Morrison begins The Origins of Others by recounting her first encounter with racial impurity. As a child, in 1932 or 1933, Morrison’s great-grandmother visited the family. Morrison said her great-grandmother looked at “my sister and me, she frowned, pointed her cane, and said, ‘These children have been tampered with.’” Not old enough to put all of the pieces together as to what her great-grandmother meant by singling her out, Morrison knew that she and her sister were polluted with otherness. Something outside of what it meant to be human. When Morrison’s otherness was addressed, it came with a frown, which also denotes that her otherness was something negative.
Morrison continues to analyze the position of otherness within literature like Harriet Beecher Stowe’s Uncle Tom’s Cabin. Here, Morrison says that Stowe’s esteemed work romances slavery by humanizing it. Morrison also suggests that Stowe paints slaves as docile, and happy to serve. As an example, she describes the relationship between Eva and Topsy — the Other child. Topsy is an unruly young girl who learns how to act civilized by the white and respectable young girl, Eva. Morrison also points out that “Uncle Tom’s Cabin” was written for white people. Additionally, Morrison recognizes works by Flannery O’Connor and Ernest Hemingway and how their descriptions of black characters assisted in creating white America’s definition of the identities of blacks.
This realization makes Morrison’s publications that much more important, especially to black readers. In the chapter titled “Narrating the Other,” Morrison recalls working for Random House publishing company as a senior editor. There, she was responsible for the autobiographies of historic figures like the Black Panther Party’s co-founder, Huey P. Newton, Angela Davis, Muhammad Ali, and others. During a regional sales conference, a salesman announced that only a few black consumers purchased books. This conference inspired the award-winning author to go on a trailblazing path to create literature that black people would want to read.
“I imagined a reverse dystopia — a deepening of the definition of ‘black’ and a search for its purity as defiance against the eugenics of ‘white…,’” Morrison writes of her decision to pen novels.
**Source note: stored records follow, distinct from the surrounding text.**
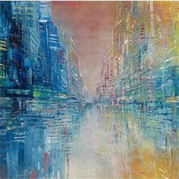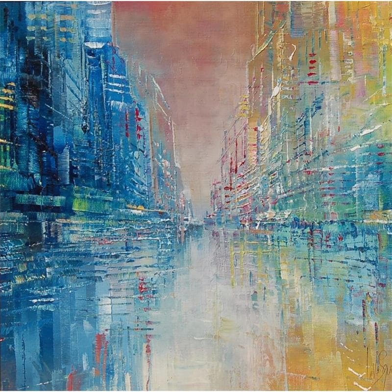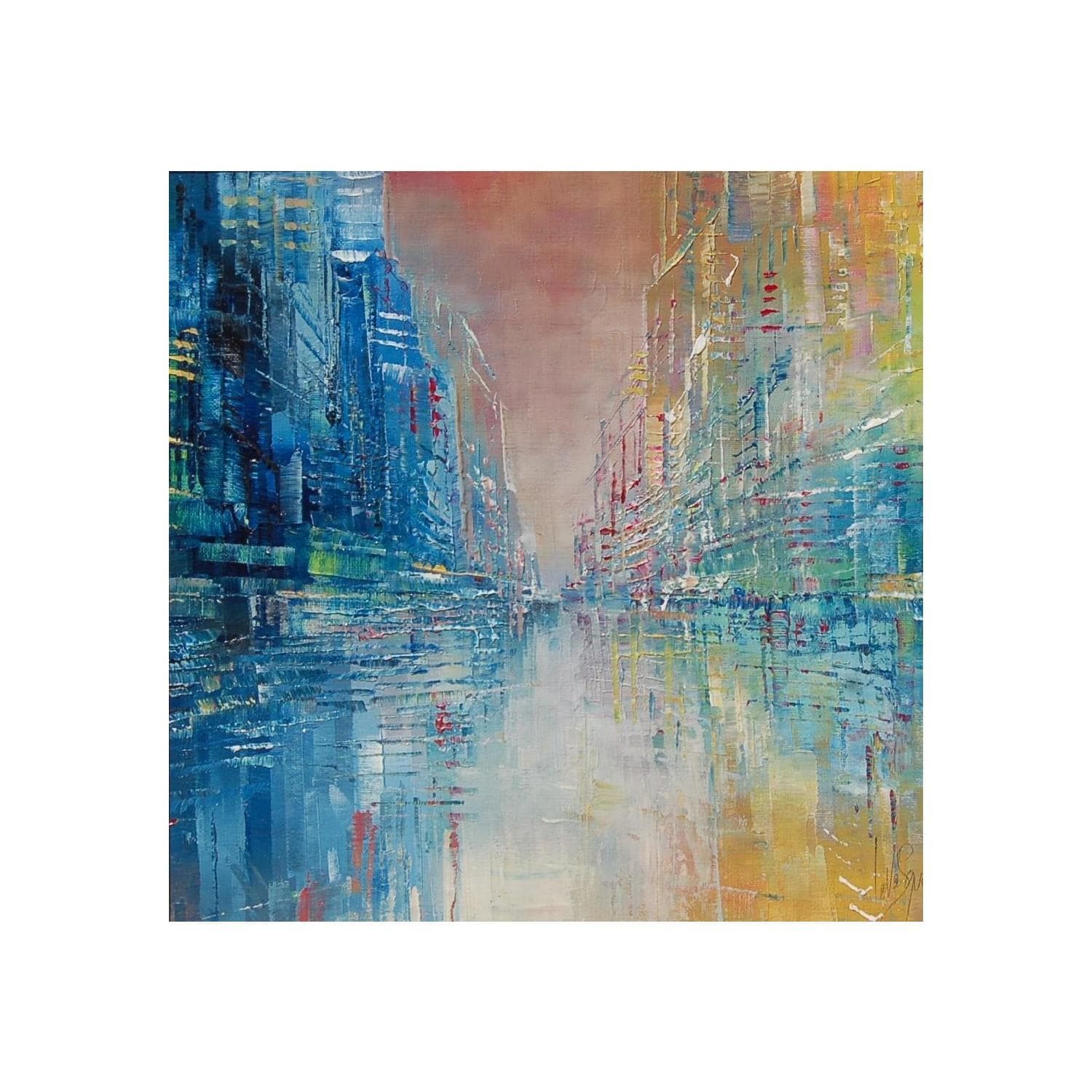 L'artiste a utilisé la technique Huile pour créer cette peinture petit format sur toile de style Abstrait sur le thème Urbain.
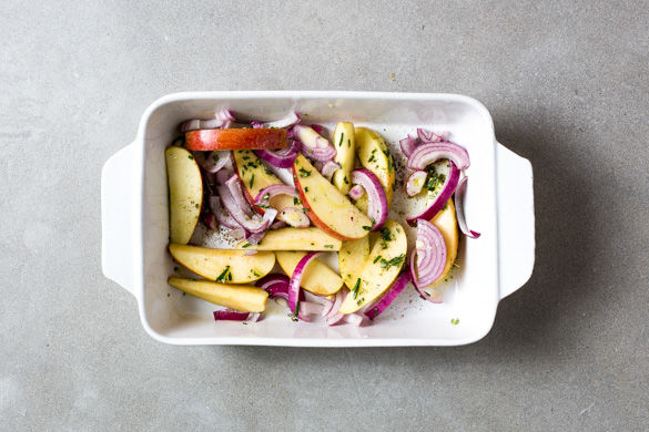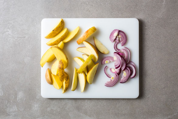 Den Backofen auf 200°C Umluft vorheizen. Die Kartoffeln in gleich große Spalten schneiden. Die Äpfel vierteln und vom Kerngehäuse befreien, dann ebenfalls in Spalten schneiden. Die Zwiebel schälen, halbieren und in grobe Streifen schneiden.
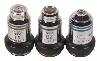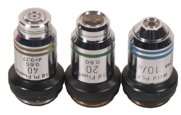 There can be little doubt that the Wild M20 was the iconic NHS pathology laboratory microscope through the 1970’s and 80’s. (Indeed, I used one myself!). This is a set of three objectives of good quality. x10 plan fluotar (0.25), x20 fluotar (0.60) and x40 plan fluotar (0.65) all with their original Wild objective pots. All corrected for 160mm tube length and 0.17mm coverslip thickness. Condition excellent and a bargain.
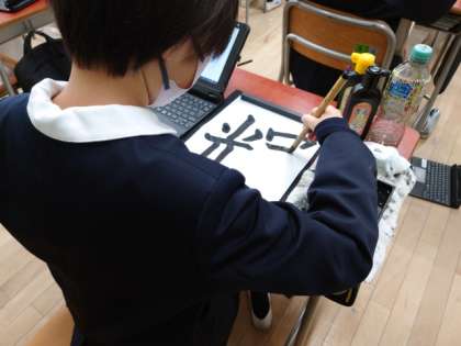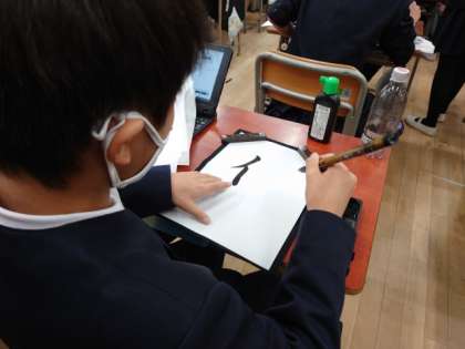 書写の時間に、6年間の成長を一文字で表して書きました。

Her first novel, “Beloved,” was based on the life of Margaret Garner, a slave mother who killed her children to save them from suffocating the pangs of slavery. By loosely telling Garner’s story, Morrison shows the extreme consequences of what happens when power is abused, countering the narratives that slaves are docile and submissive, and the need for the white man’s paternalism. Morrison also recounts how literature has identified Africa as a dark, corrupt continent filled with savagery.
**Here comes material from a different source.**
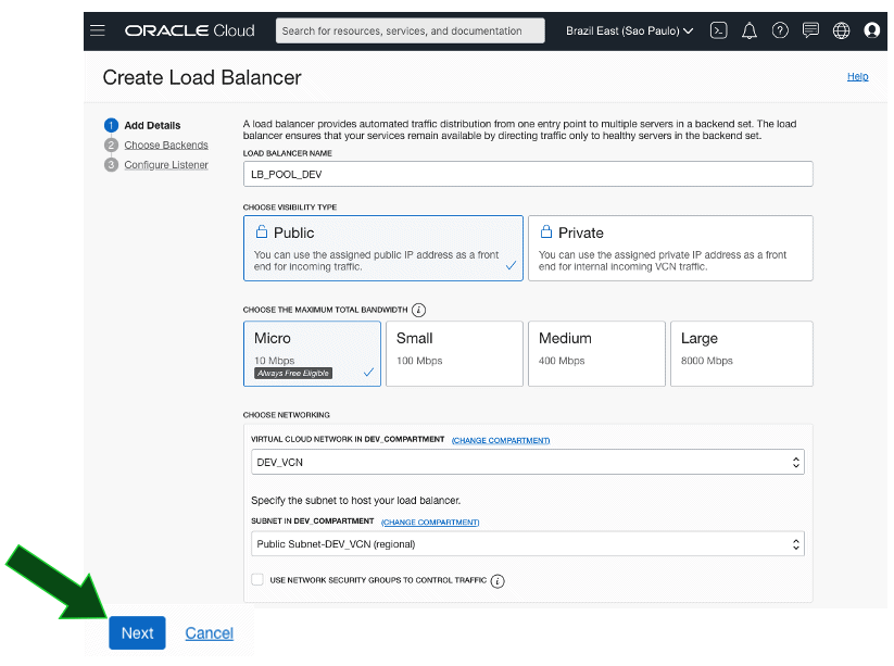 Especifique um nome para o Load Balancer (LB_POOL_DEV), mantenha o tipo de visibilidade em Public e o shape em Micro. Escolha a VCN recém-criada, DEV_VCN e escolha a Subnet Pública, então clique em Next:
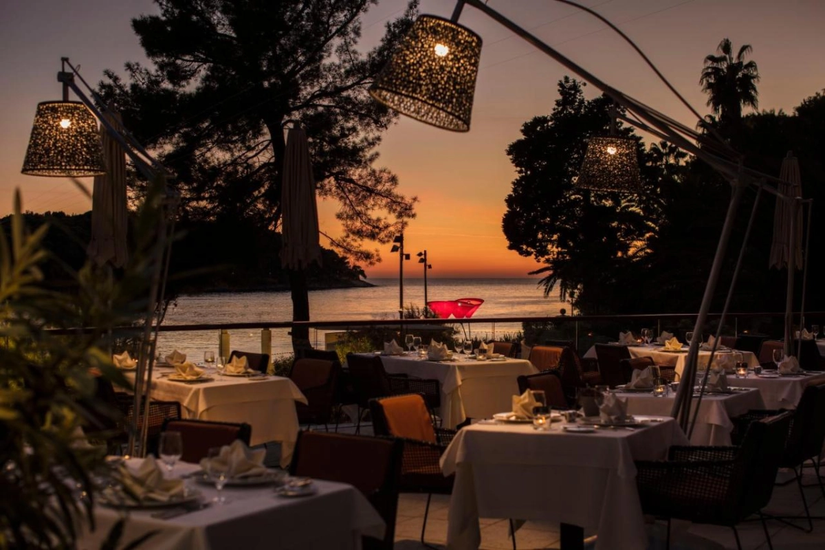 Dining at the Michelin-starred Alfred Keller restaurant is a culinary triumph, showcasing an array of fine-dining dishes crafted from fresh, seasonal ingredients, paired with curated wines in a refined setting. Additional dining options flourish in Mali Lošinj's vibrant centre, just 1 kilometer away. The hotel's tea bar offers light bites and soothing beverages, perfect for quiet afternoons, while a daily breakfast buffet, brimming with fresh pastries and local specialties, energizes guests in an elegant dining space.

The autobiographical moments in The Origin of Others are the most interesting paragraphs within this book. Peeking into the life of this Pulitzer Prize-winning author’s personal life to understand her concerns for black America, provides a logical solution in shaping black identity — control our narrative. But honestly, how many white supremacists or KKK members are actually paying attention to our stories, with the hopes of bridging the gap between black and white relations? And I’m guilty, too. I don’t buy white supremacist literature, although it would help my understanding of their thought process.
While I have yet to come up with answers on whether or not my identity as a black man is permanent, however, The Origins of Others moved me to be more conscious of what type of language and behavior I, a hip-hop journalist and aspiring historian, put into the world.